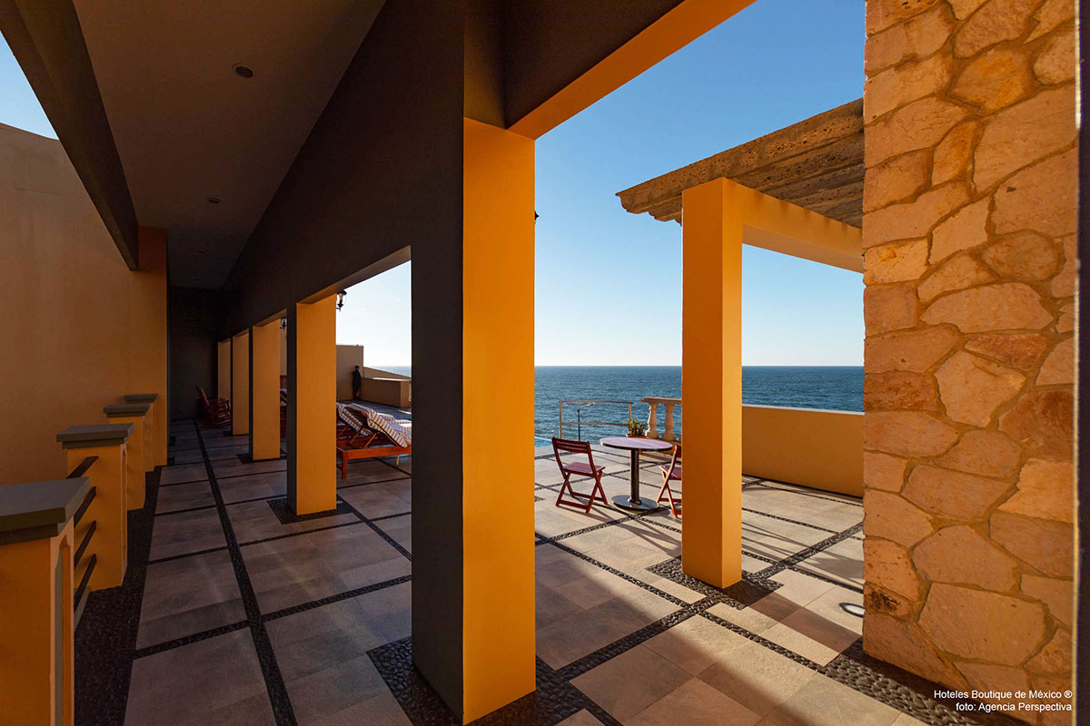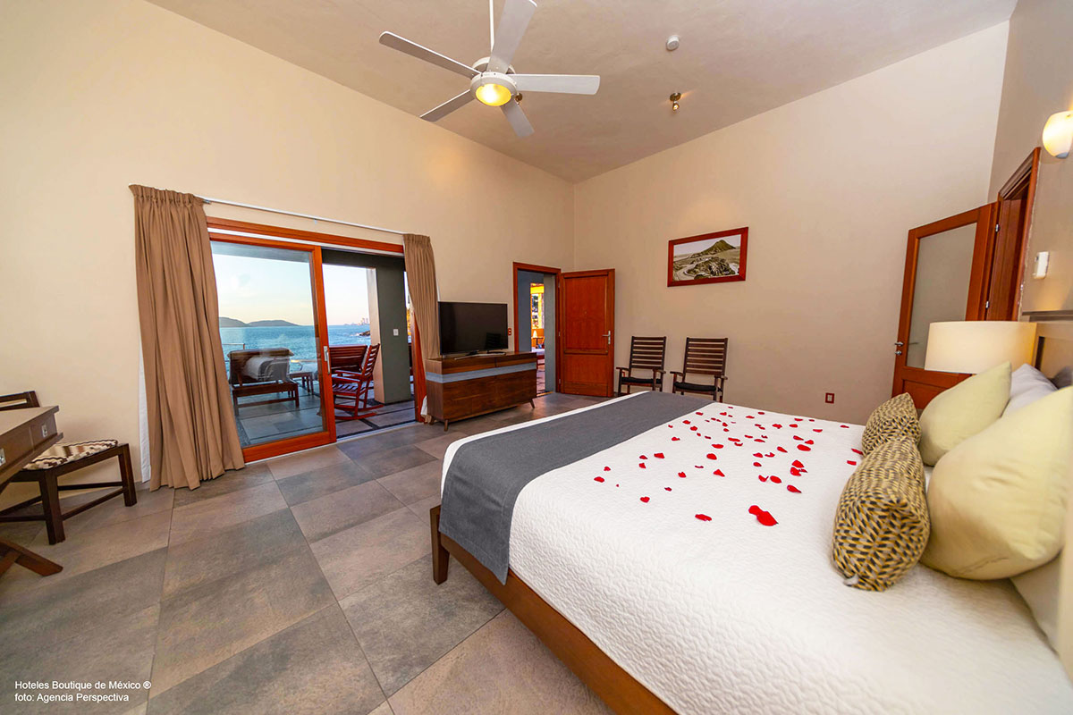 Ubicada en el tercer piso, cuenta con una vista al Océano Pacífico y acceso inmediato a la piscina de borde infinito, Conchita es la habitación más grande y más amplia con un patio privado y sillas de descanso.
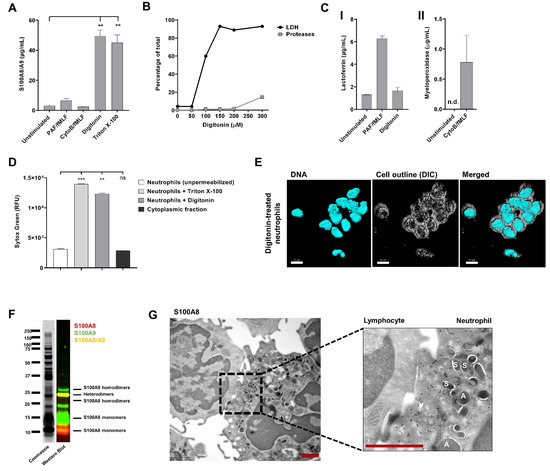 S100A8/A9 is not released during exocytosis. (A) Neutrophils (5 × 105) from healthy controls were left unstimulated or incubated with PAF (1 µM, 5 min) or cytochalasin B (5 µg/mL, 5 min) and subsequently stimulated with fMLF (1 µM) for 10 min at 37 °C. To obtain the cytoplasmic fraction of neutrophils, digitonin (150 µM, 15 min) was used to permeabilize the plasma membrane of neutrophils. As a positive control, neutrophils were permeabilized with Triton X-100 (1%, 10 min). S100A8/A9 concentration was determined by ELISA (n = 4–6, mean + SEM). (B) Experiment to determine the optimal concentration of digitonin to isolate the cytoplasmic fraction. Lactate dehydrogenase (LDH) levels and protease levels were measured and are presented as percentage of their total content (n = 1). (C) Panel I: Lactoferrin concentration in supernatant of unstimulated, PAF/fMLF-stimulated neutrophils, or the cytoplasmic fraction of neutrophils was determined by ELISA (n = 2, mean + SEM). Panel II: Myeloperoxidase concentration in supernatant of unstimulated or CytoB/fMLF-stimulated neutrophils was determined by ELISA (n = 2, mean + SEM). (D) Presence of DNA was measured with Sytox Green Nucleic Acid Stain (n = 3, mean + SEM). (E) Representative image of digitonin-treated neutrophils. DNA was visualized with Hoechst (blue, 405). Images were acquired using a Leica SP8 confocal microscope, magnification 630x, scale bar = 10 µm. (F) Coomassie Brilliant Blue staining and Western Blot for S100A8 (red) and S100A9 (green) of the cytoplasmic fraction of neutrophils. (G) Representative immuno-electron microscopy image of a neutrophil (right) and lymphocyte (left) stained for anti-S100A8 (black dots). Scale bar = 1 µm. “A” indicates azurophilic granules and “S” indicates specific granules. S100A8 is not present in neutrophil granules. Statistics were performed by mixed effects’ model (A) or one-way ANOVA (D) with Dunnett post hoc test; ** p < 0.01, *** p < 0.001, ns = not significant; n.d. = not detectable.
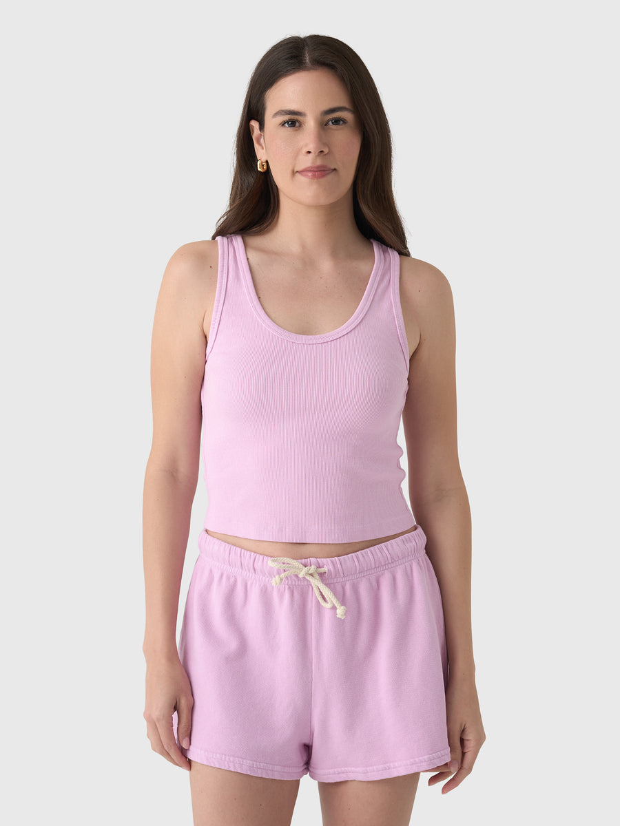 Scoop Crewneck Wide Straps Cropped Silhouette Ribbed Fabrication 95% Cotton, 5% Spandex Slim Fit Model is wearing size Small tank top. Cocoa Powder: Model's Measurements: Height: 5'8" | Bust: 32B | Waist: 25" | Hips: 36" | Dress Size: 2 (US) Heather Grey: Model's Measurements: Height: 5'9.5" | Bust: 32C | Waist: 26.5" | Hips: 37" | Dress Size: 2-4 (US) Bright Ivory: Model's Measurements: Height: 5'9" | Bust: 32B | Waist: 24.5" | Hips: 37.5" | Dress Size: 2-4 (US) Dark Heather Grey: Model's Measurements: Height: 5'9" | Bust: 34B | Waist: 24.5" | Hips: 37" | Dress Size: 2-4 (US) Pink Bloom, Navy: Model's Measurements: Height: 5'10.5" | Bust: 32B | Waist: 25.5" | Hips: 36.5" | Dress Size: 0-2 (US) Sugar Pink: Model's Measurements: Height: 5'8" | Bust: 34B | Waist: 25.5" | Hips: 35" | Dress Size: 2-4 (US)
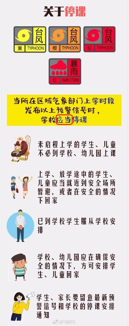 根據《廣州市公眾應對主要氣象災害指引》和《廣州市教育系統應對台風、暴雨災害天氣指引》,當所在區域發佈颱風黃色及以上級別預警信號時,應當停課。
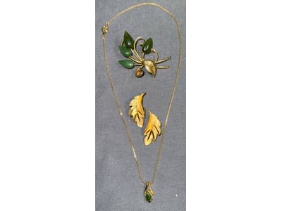 653 Coro Gold-Tone Necklace, Bracelet, and Earrings Set with Leaf Motif
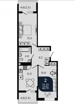 Квартира в современном жилом комплексе, двухкомнатная, в сданном доме от подрядчика! Проходят все гос. программы! Открытие ипотеки любой сложности!
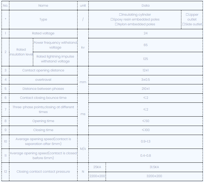 Main Technical Specification of VBI, XXIV latus mounted Type VCB
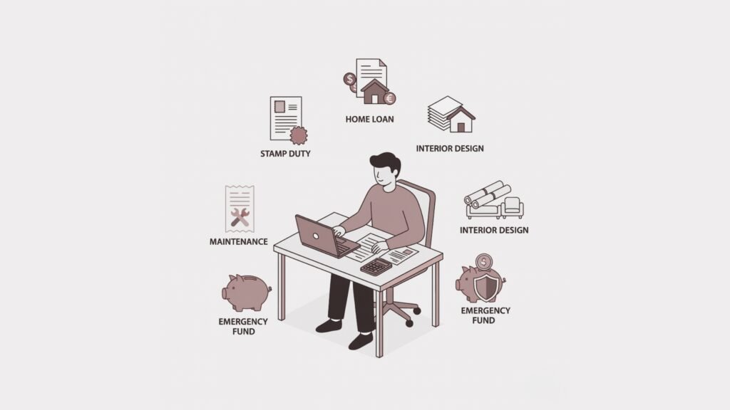 Karnataka’s stamp duty and registration fees add roughly 7-8% to property costs. Include home loan processing charges, insurance premiums, interior fit-out expenses, maintenance deposits, and six months of emergency reserves for unexpected repairs.
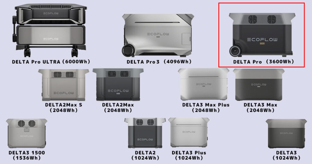 EcoFlow DELTA Pro(容量3600Wh)は、DELTA Pro3(容量4096Wh)とDELTA2 MaxS(容量2048Wh)の間の容量を持っています。
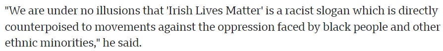 Isn’t calling the Irish people a bunch of racists inciting hatred against an ethnic minority? Arrest Gerry Carroll! (Who just happens to be a BLM supporter — and was himself investigated himself for hate speech. Luckily for him, ignorance IS an excuse!)
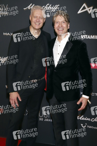 Lars-Eric Mann und Frank Vogel beim Jubiläums-Event '30 Jahre RTL Exclusiv' an Bord der Mein Schiff 7 im Hamburger Hafen. Hamburg, 27.09.2024

· · · · · · ·

# EXERCISE:
Take the line with "EcoFlow DELTA Pro(容量3600Wh)は、DELTA" as the first line and the last line of the records above as the final one; reproduce exactly the lines between them, both included, without pictures.

# OUTPUT BELOW:
 EcoFlow DELTA Pro(容量3600Wh)は、DELTA Pro3(容量4096Wh)とDELTA2 MaxS(容量2048Wh)の間の容量を持っています。
 Isn’t calling the Irish people a bunch of racists inciting hatred against an ethnic minority? Arrest Gerry Carroll! (Who just happens to be a BLM supporter — and was himself investigated himself for hate speech. Luckily for him, ignorance IS an excuse!)
 Lars-Eric Mann und Frank Vogel beim Jubiläums-Event '30 Jahre RTL Exclusiv' an Bord der Mein Schiff 7 im Hamburger Hafen. Hamburg, 27.09.2024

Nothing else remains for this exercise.